• [Exercise data]:
··········

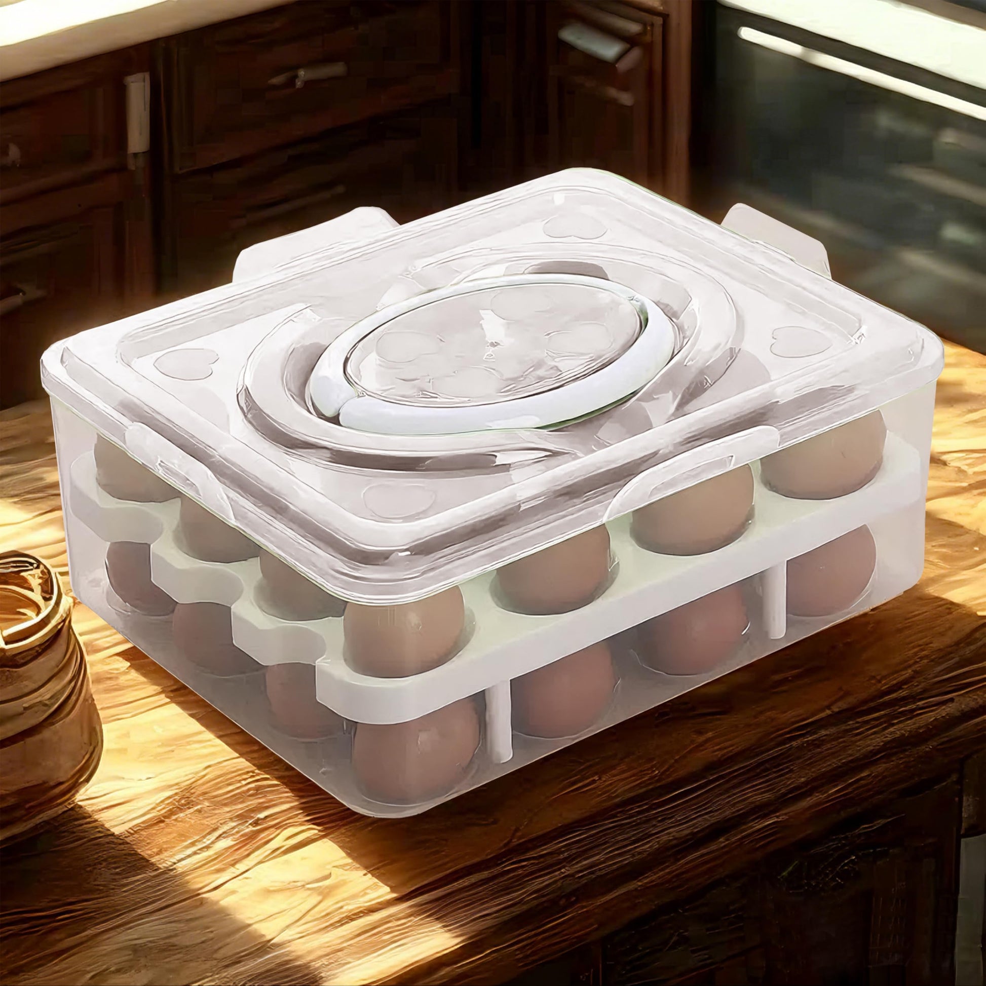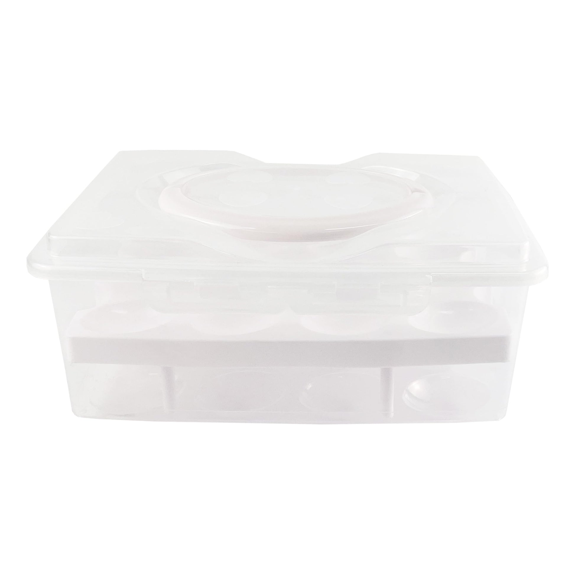 Daixers Ortable Large Capacity Double-layers Egg Storage Container Holds 24 Eggs Shatter-proof Non-slip Eggs Holder with Handle (White)
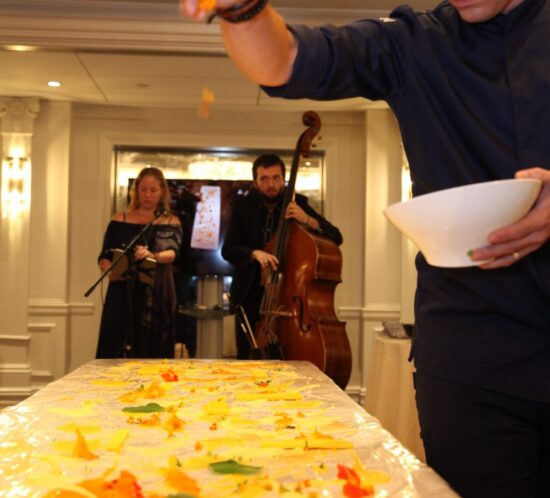 At the Zur Heide Gourmet Festival in Düsseldorf, we created a 40 m² edible musical pastry painting — chocolate, cake, gel and flowers — while improvising live, and served it to 1,500 people.
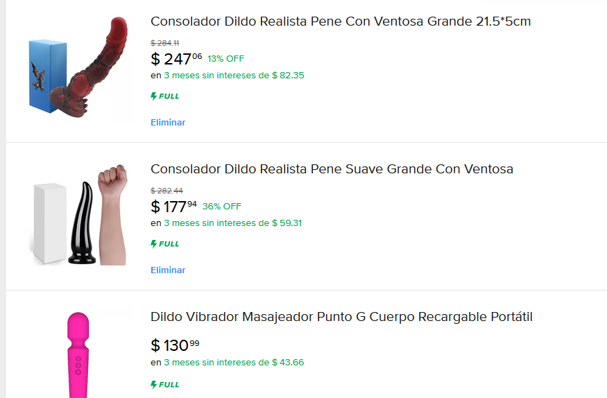 > una vez recaudada la feria hiba a comprar articulos previamente seleccionados: dildos, condones y lubricantes anales y vaginales. el presupuesto era de 1500, que me deja 9750. este era el presupuesto para putas

··········

• [What the task asks]:
Give back the full listing verbatim, skipping each picture.

• [Finished task]:
 Daixers Ortable Large Capacity Double-layers Egg Storage Container Holds 24 Eggs Shatter-proof Non-slip Eggs Holder with Handle (White)
 At the Zur Heide Gourmet Festival in Düsseldorf, we created a 40 m² edible musical pastry painting — chocolate, cake, gel and flowers — while improvising live, and served it to 1,500 people.
 > una vez recaudada la feria hiba a comprar articulos previamente seleccionados: dildos, condones y lubricantes anales y vaginales. el presupuesto era de 1500, que me deja 9750. este era el presupuesto para putas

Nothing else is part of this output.